- Task goal: Repeat the records below verbatim, and do not copy their pictures.

- Dataset records:
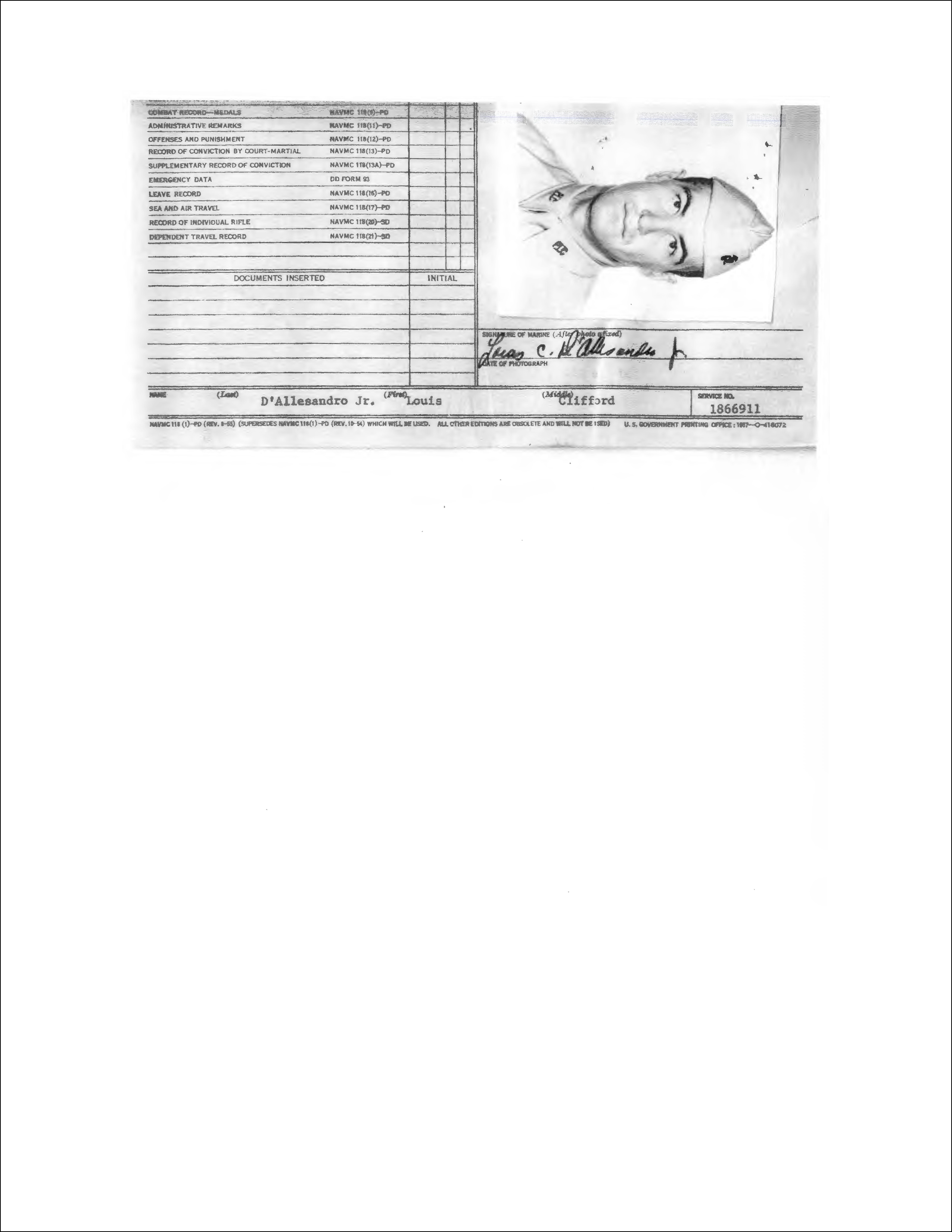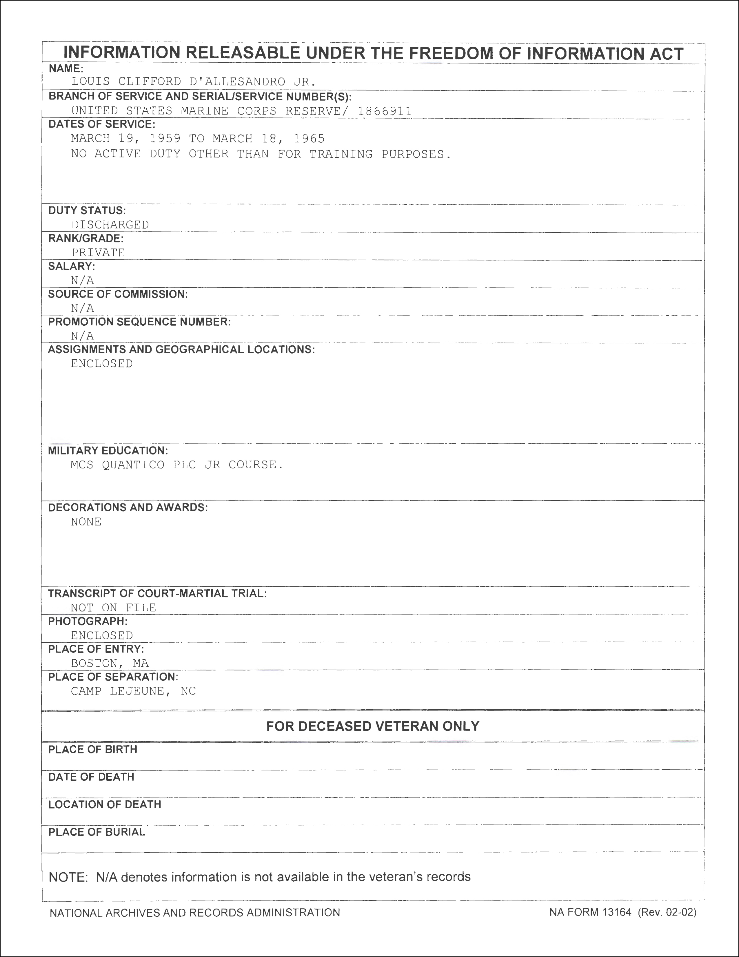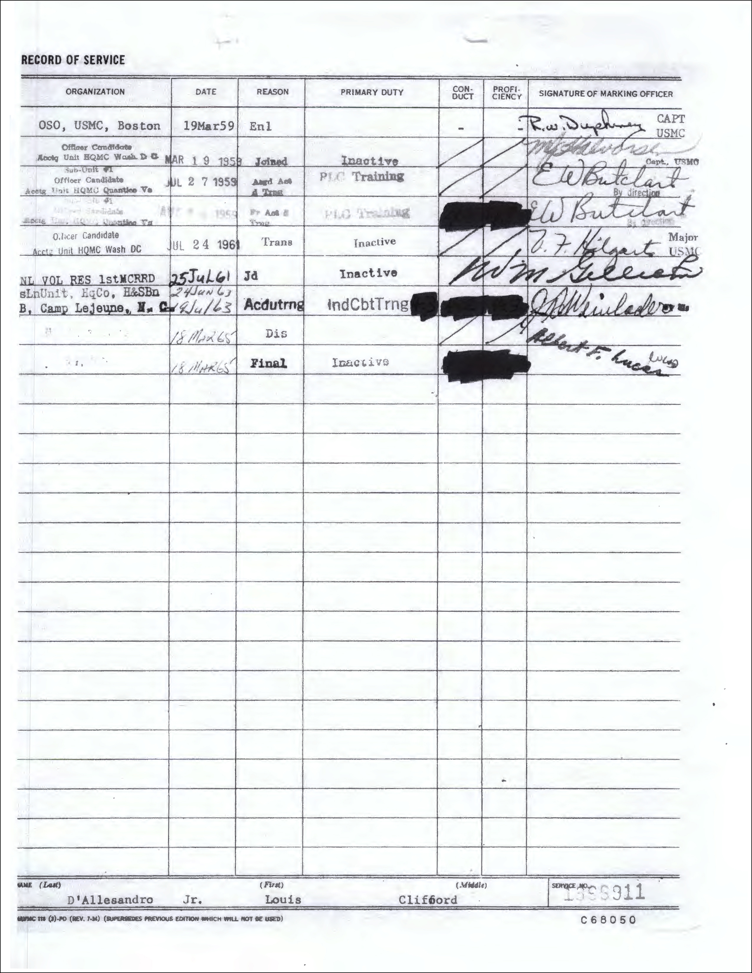 Furthermore, If D’Allesandro had become a Marine Officer there should be an entry in his records that reflects his graduation from The Basic School (TBS) in Quantico.
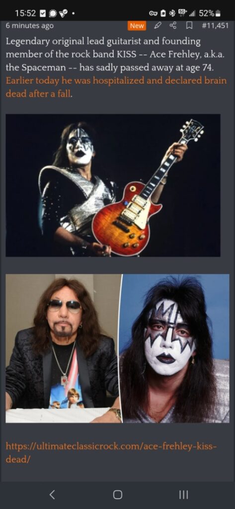 22 thoughts on “Ace Frehley , Guitarist For Kiss Dead At 74”
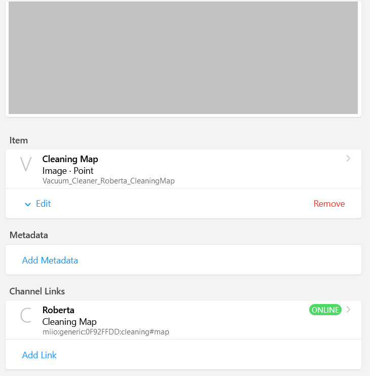 Hi, I’ve the same issue with getting displayed the cleaning map in OH3.1. The _celaningMap item is created as type of image and it’s value alway is NULL and no image is displayed.
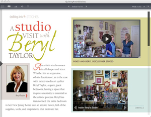 Significantly, this product is not a digital replica of the Quilting Arts magazine. Instead, it combines a custom-designed interface with some magazine-like features, such as a “cover,” an editor’s letter, a table of contents in a sidebar, and numbered articles instead of page numbers. Inside the stories, however, embedded audio, video and slideshows bring the topics to life and give users a close-up view of the quilting skills described.
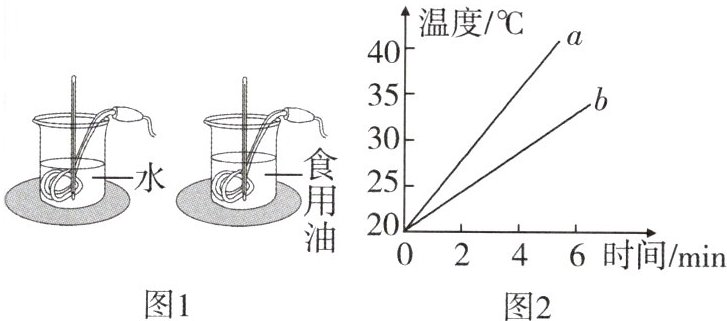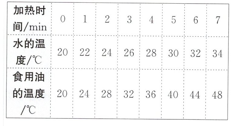 5. 小明实验时记录数据如下表所示,若使相同质量的水和食用油升高相同的温度,
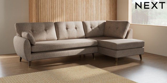 7.3.1 Buy Wilson Buttoned Back Large Corner Chaise - Right Hand Tweedy Chenille Mid Natural Low Retro Tapered Metal Cap - Mid from the Seasons online shop Click here to use our website with more accessibility support, for example screen readers

- Result:
 Furthermore, If D’Allesandro had become a Marine Officer there should be an entry in his records that reflects his graduation from The Basic School (TBS) in Quantico.
 22 thoughts on “Ace Frehley , Guitarist For Kiss Dead At 74”
 Hi, I’ve the same issue with getting displayed the cleaning map in OH3.1. The _celaningMap item is created as type of image and it’s value alway is NULL and no image is displayed.
 Significantly, this product is not a digital replica of the Quilting Arts magazine. Instead, it combines a custom-designed interface with some magazine-like features, such as a “cover,” an editor’s letter, a table of contents in a sidebar, and numbered articles instead of page numbers. Inside the stories, however, embedded audio, video and slideshows bring the topics to life and give users a close-up view of the quilting skills described.
 5. 小明实验时记录数据如下表所示,若使相同质量的水和食用油升高相同的温度,
 7.3.1 Buy Wilson Buttoned Back Large Corner Chaise - Right Hand Tweedy Chenille Mid Natural Low Retro Tapered Metal Cap - Mid from the Seasons online shop Click here to use our website with more accessibility support, for example screen readers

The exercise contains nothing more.